Using a free software stack, you could be an effective developer with a relatively low budget. A cheap or used laptop and an internet subscription.

LLM coding is changing that too. You either need a very powerful and expensive machine to run a local model, or (currently more likely) an LLM subscription. We are lead to believe you have to pay a monthly fee to be an effective developer.

The prospect of your output as a developer being tied to a proprietary service seems risky at best.

@jani how many hardware refresh cycles before you can run a small but capable coding model—say, qwen3 coder next—locally on modest hardware? We’re in the same position today that Xerox Alto was with GUIs circa 1978, but with broader and more diverse access to the future than 50 employees in one office.

@leeg @jani None. It's impractically slow for actual work-use, but I run qwen3-coder-next on a little ~€750 AMD machine with regular 64GiB DDR5 DIMMs. Granted, I got that RAM 2.5 years ago before the craze. But with Strix Halo hardware I'd say its feasible.

Like you said, how accessible was hardware, let alone software, in the early days of (personal) computing? I paid ~€130 for a STUDENT license Visual C++ in ~1998!

The original premisse feels almost entitled.

@RandySimons @leeg

The point is not just about the money.

When you bought that Visual C++ license, you knew you could use it as long as you wished, regardless of whether the vendor went belly up or discontinued the product or decided they didn't want you or anyone in your country as a customer.
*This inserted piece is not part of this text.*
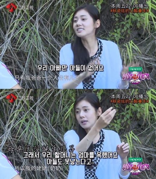 이어 그는 “삼촌들은 모두 아들이 있었는데 우리 아버지만 아들이 없었다”며 “할머니는 아들을 낳지 못한 어머니를 욕했다. 왜냐하면, 내가 아들이 아니라 딸이니까"라며 당시 착잡했던 심경을 고백했다.
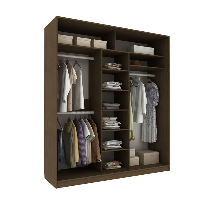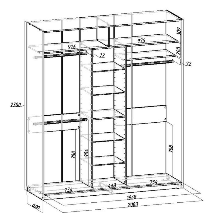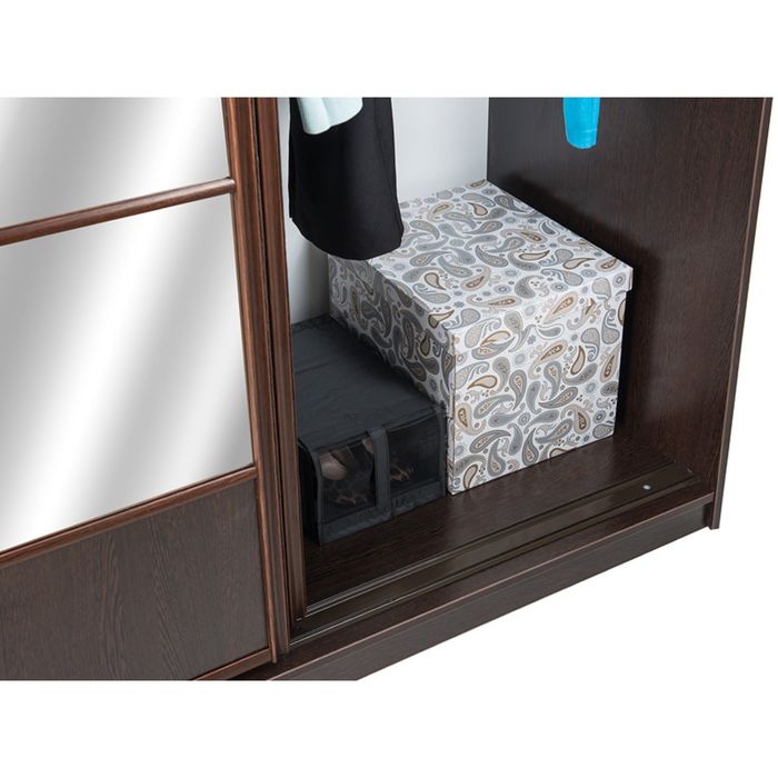 Классический шкаф-купе подходит для тех, кто предпочитает рационально использовать пространство. Он оснащён тремя антресольными полками, куда можно убрать предметы, которыми вы пользуетесь не каждый день. На трёх штангах-перекладинах поместится одежда любого размера и назначения. По центру расположены пять полочек. Складывайте на них постельное бельё, трикотажные вещи и прочие повседневные мелочи.

If you want to avoid that lock-in, the hardware cost is significant, and recurring.

@jani @leeg But that qwen3-coder-next model is more free (as in libre) than that VC++ license ever was. Runs locally on my machine. Never requires new hardware.
So present, affordable hardware (minus DRAM...) can already run free, capable AI. It will get better still. And newer (free) models might require beefier hardware, but how is that different from free software?

@RandySimons @leeg I think we have a difference of opinion on how useful the local models that run on inexpensive hardware are, and how the evolution of language models require beefier hardware faster than any other field in software development.

Maybe that will change in the future, and hardware evolution catches up again.

Other than that, I completely agree using a local model avoids the lock-in and rent on LLM subscriptions. That is the model I would personally prefer as well.

@jani @leeg I don't know if we differ on that. I use Claude/GPT/Gemini models for work. They *are* way better than qwen3-coder-next, which I've used on my recent hobby project. But it's (already) useful.

My bigger concern is that these free models are still too expensive to train by free/libre orgs. We just got some freebies/appetizers from big commercial orgs. If (when?) those dry up, we indeed get to a point were only subscription to proprietary services exist as option.

@RandySimons @jani there’s Apertus, unless we think the Swiss government might dry up?

@leeg @jani Sure, and there are others, like Olmo, but those models are currently not really feasible for software development.

Of course, I do hope those orgs will keep up, and eventually release models better suited for development as well.